**WORK INSTRUCTIONS**
Below this line are records; transcribe exactly the lines between the one holding "蕎麦湯は別の椀で、茹で汁とは別に作るポタージュの様な粘度。風味も含めて旨し。" and the one holding "Jupe mi-longue noire", inclusive, and omit the pictures.

**DATA**
────────

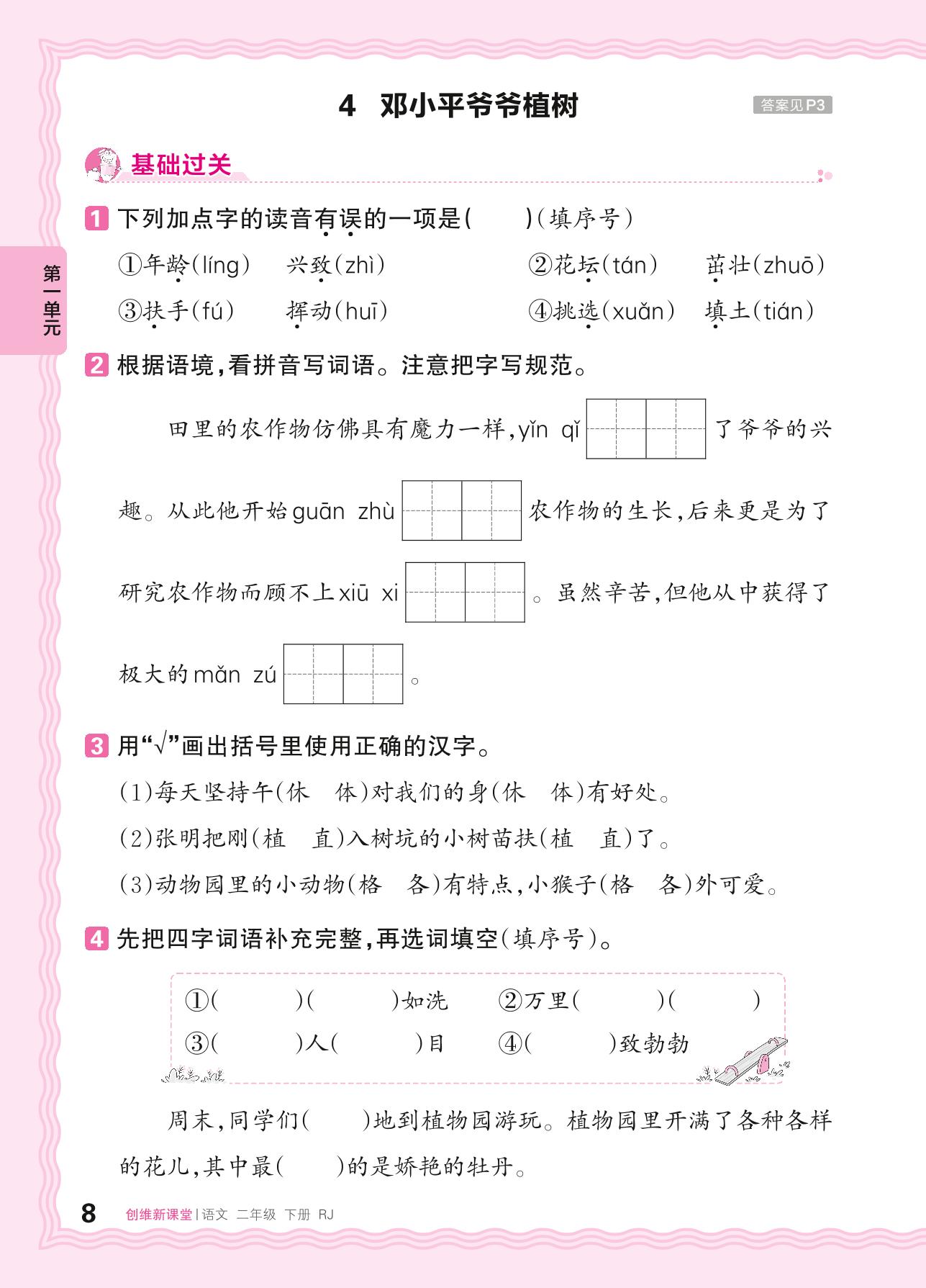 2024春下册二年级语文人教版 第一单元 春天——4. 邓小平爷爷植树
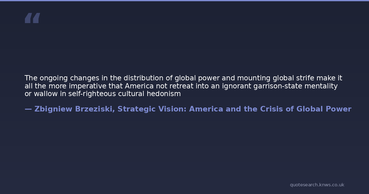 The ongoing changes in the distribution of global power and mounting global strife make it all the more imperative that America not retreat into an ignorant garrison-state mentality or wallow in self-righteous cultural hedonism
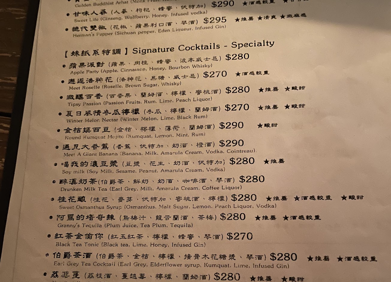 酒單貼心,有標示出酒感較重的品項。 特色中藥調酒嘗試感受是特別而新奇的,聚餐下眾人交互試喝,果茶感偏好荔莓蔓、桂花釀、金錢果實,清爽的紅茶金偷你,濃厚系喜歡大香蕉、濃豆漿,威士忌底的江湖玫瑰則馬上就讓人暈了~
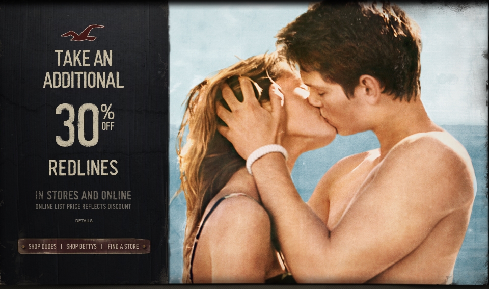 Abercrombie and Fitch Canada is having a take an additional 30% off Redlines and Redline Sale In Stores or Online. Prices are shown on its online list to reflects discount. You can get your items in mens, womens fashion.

────────

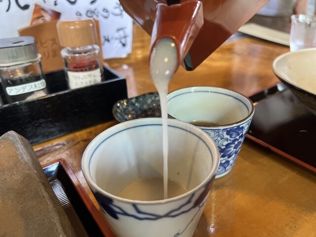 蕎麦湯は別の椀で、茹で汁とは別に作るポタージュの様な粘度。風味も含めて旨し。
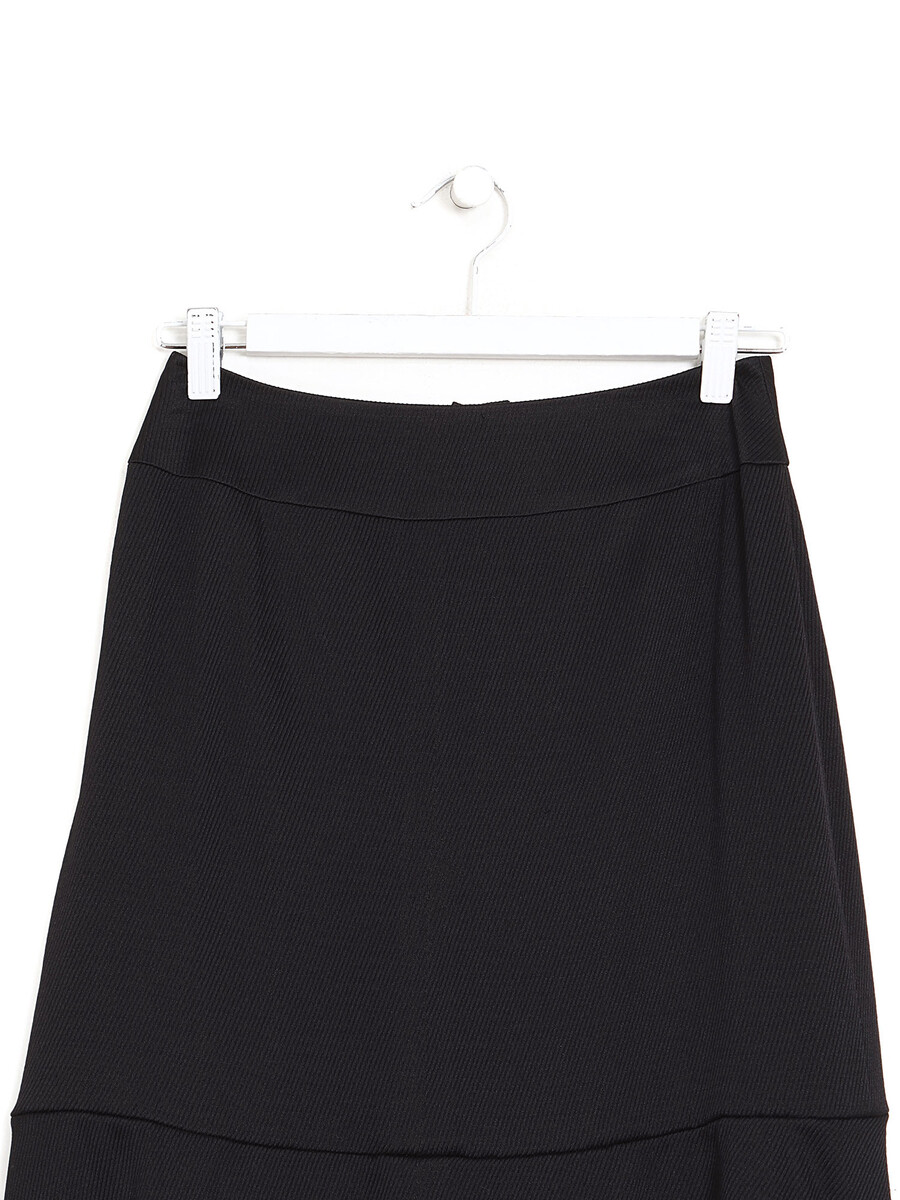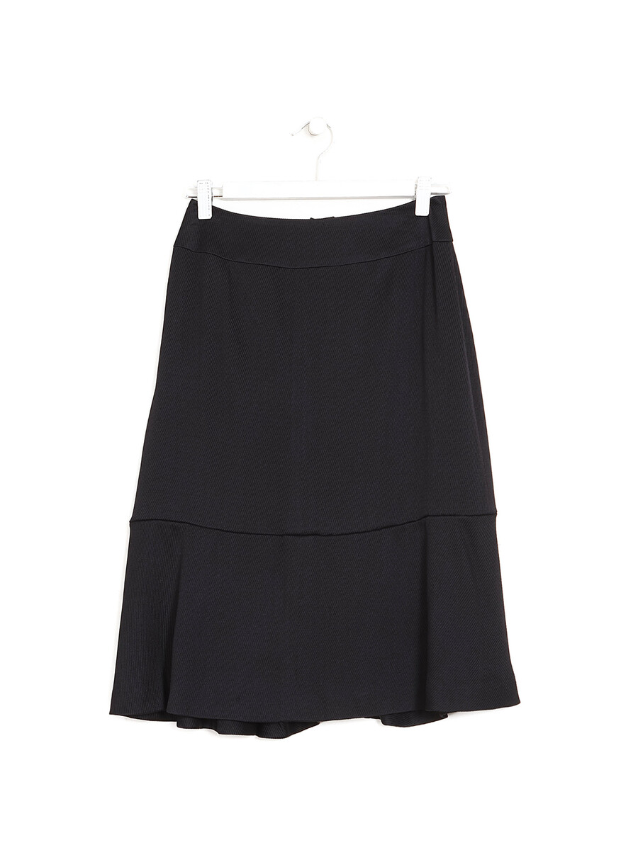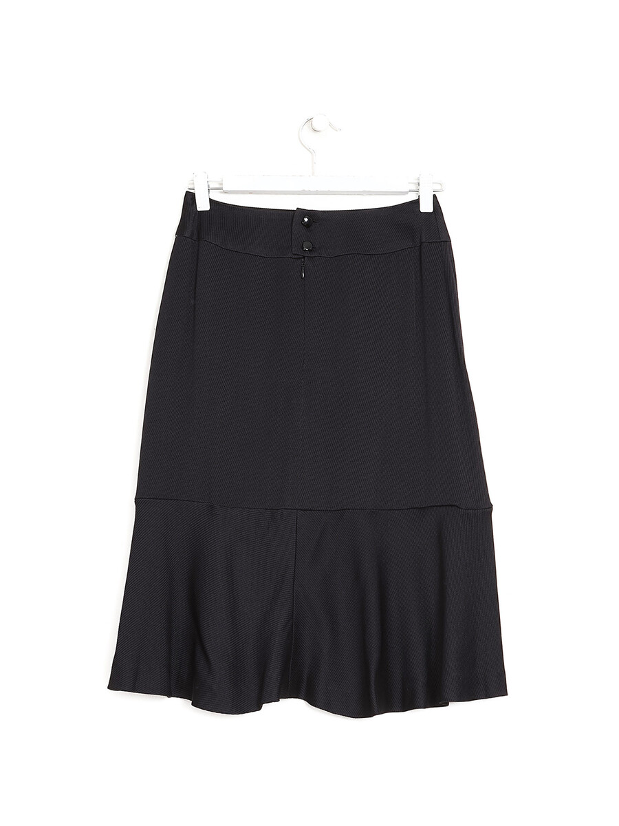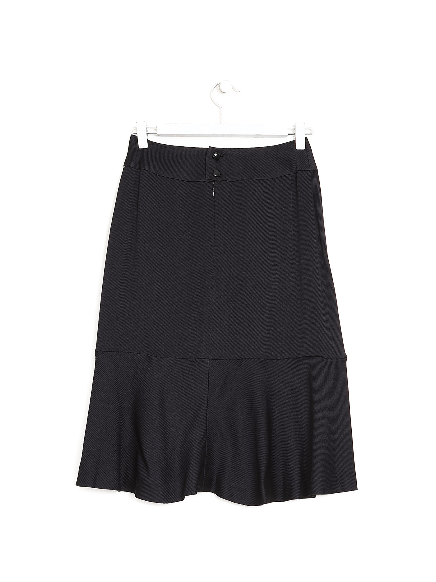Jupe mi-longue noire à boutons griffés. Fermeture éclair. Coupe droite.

────────

**YOUR SOLUTION**
 蕎麦湯は別の椀で、茹で汁とは別に作るポタージュの様な粘度。風味も含めて旨し。
Jupe mi-longue noire à boutons griffés. Fermeture éclair. Coupe droite.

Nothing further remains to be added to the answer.